The other way to close distance while switching your stance is to do it while throwing a punch, this is known as shifting or using shifting punches. For example, if you are in an orthodox stance with your right hand in the rear and you throw a hook with that hand, let the momentum take that right leg forward so that when the blow lands you end up in an opposite stance. 

Shifting is a great way to chase down your opponent and is more often than not done off of rear-hand strikes. You can even chain shift together to switch stance multiple times and cover a massive amount of distance. 

Aside from getting you to switch your stance, this is also a great way to put power into your punches. 

Former UFC veteran and combat coach Duane "Bang" Ludwig is here with his SWITCH SERIES from DynamicStriking.com!

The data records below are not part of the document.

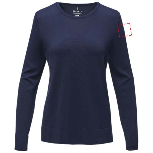 The Merrit women's crewneck pullover – a fusion of timeless style and comfort. Its classic crew neck is complemented by flat knit rib details on the collar, cuffs, and bottom hem, providing a sophisticated charm suitable for any occasion. Made from viscose and nylon blend in a 12-gauge flat knit, it offers a blend of softness, durability, and a lightweight feel. Elevate your wardrobe with the versatile Merrit pullover that embodies elegance and quality. This pullover is designed with a fitted shape for a feminine look.
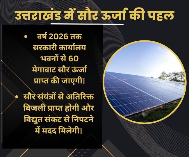 प्रदेश सरकार वर्ष 2026 तक सरकारी कार्यालय भवनों के माध्यम से 60 मेगावाट सौर ऊर्जा संयंत्रों की स्थापना करेगी। इस क्रम में अभी तक 305 सरकारी भवनों में नौ मेगावाट क्षमता के सौर संयंत्र लगाए जा चुके हैं। चालू वित्तीय वर्ष में ही 1695 भवनों में 24.5 मेगावाट क्षमता की स्थापना प्रस्तावित है।
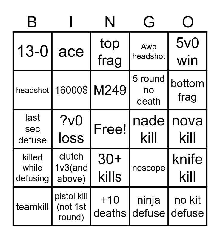 This bingo card has a free space and 24 words: clutch 1v3(and above), pistol kill (not 1st round), M249, teamkill, 5v0 win, 13-0, headshot, ace, nade kill, 30+ kills, 5 round no death, last sec defuse, noscope, knife kill, 16000$, ninja defuse, nova kill, top frag, bottom frag, ?v0 loss, no kit defuse, killed while defusing, Awp headshot and +10 deaths.
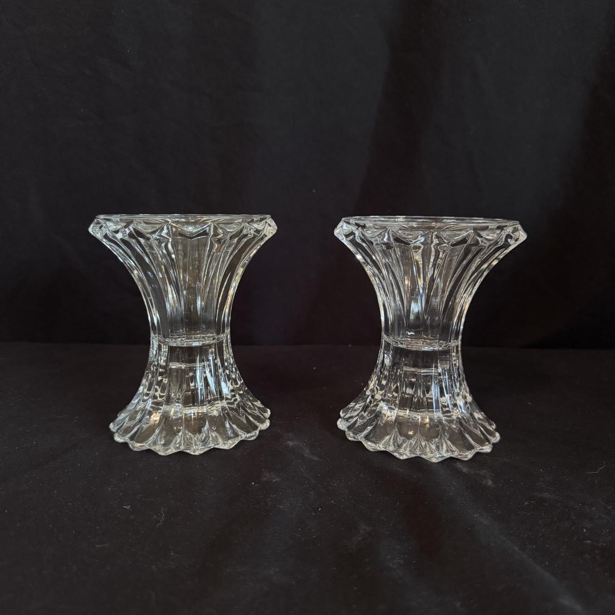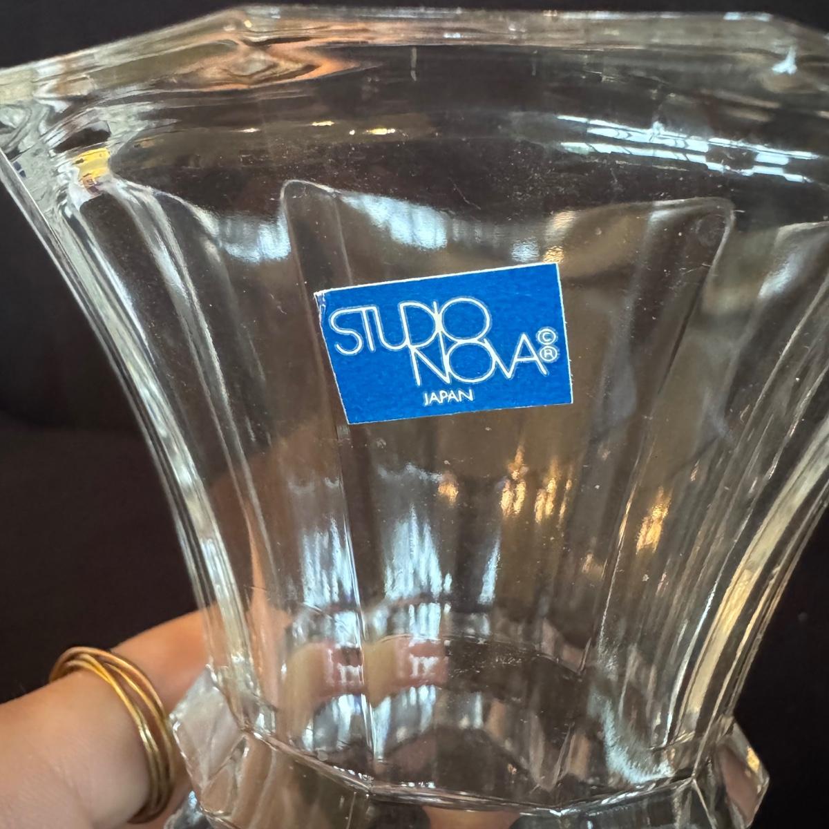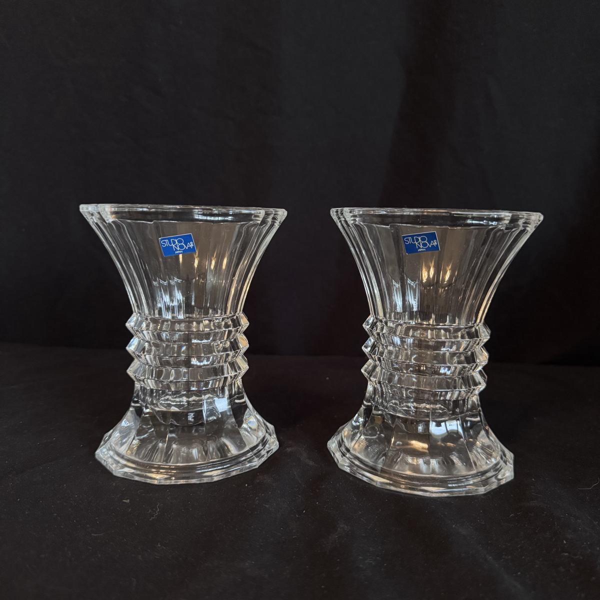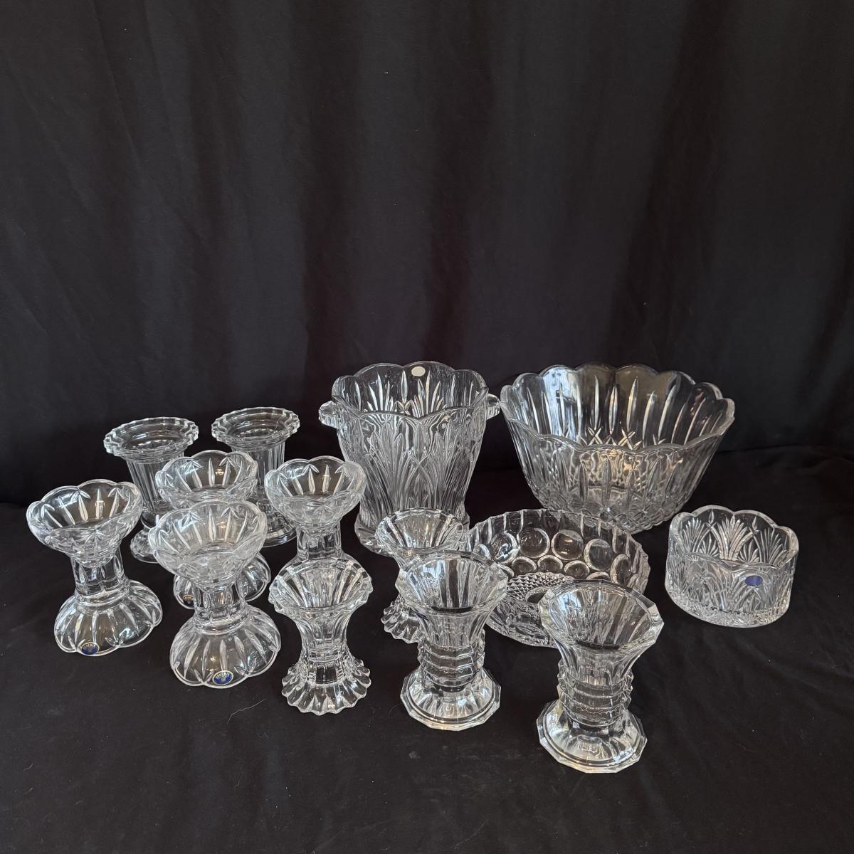 This lot includes four Bohemia crystal barbell candle holders, one Bohemia crystal candy bowl, and one Bohemia crystal ice bucket. Also included are two Studio Nova crystal bud vases, two unmarked crystal bowls, and two unmarked crystal barbell candleholders. The largest bowl measures 11.5”D x 7”H. Shipping available.

How to switch stance in boxing

It's important to practice switching your stance in a controlled environment, such as during training or sparring, before using it in a fight. This will help you build up the muscle memory and coordination necessary to switch your stance quickly and effectively.

When switching your stance, it's also important to maintain a good defensive posture and keep your guard up at all times, as you will be vulnerable to counterattacks during the transition.

Famous Boxers Who Use the Switch

With al lthat said here are a few switch-stance boxers that you should know of. If you’re interested in learning how to switch your stance, watching tape and studying these fighters is definitely something you should look into. 

The late great Marvelous Marvin Hagler is definitely one that you should look into if you want to switch your stance. Originally a southpaw, Hagler was forced to learn how to fight from Orthodox so that he could find more opponents. This led to him becoming dangerous from both stances by the time he turned professional. 

Another great boxer you would want to look into for stance switching in boxing is Roy Jones Jr. A former four-weight world champion, Jones was known for his exceptional hand speed and his ability to switch from an orthodox to a southpaw stance. On top of that his explosive and unorthodox style made him so awkward that his opponents wouldn’t even notice the stance switches. 

If you want some examples of stance switching outside of boxing, Duane Ludwig and his protege, former UFC bantamweight champion TJ Dillashaw are great examples of fighting out of both stances, especially when it comes to switching using shifting strikes.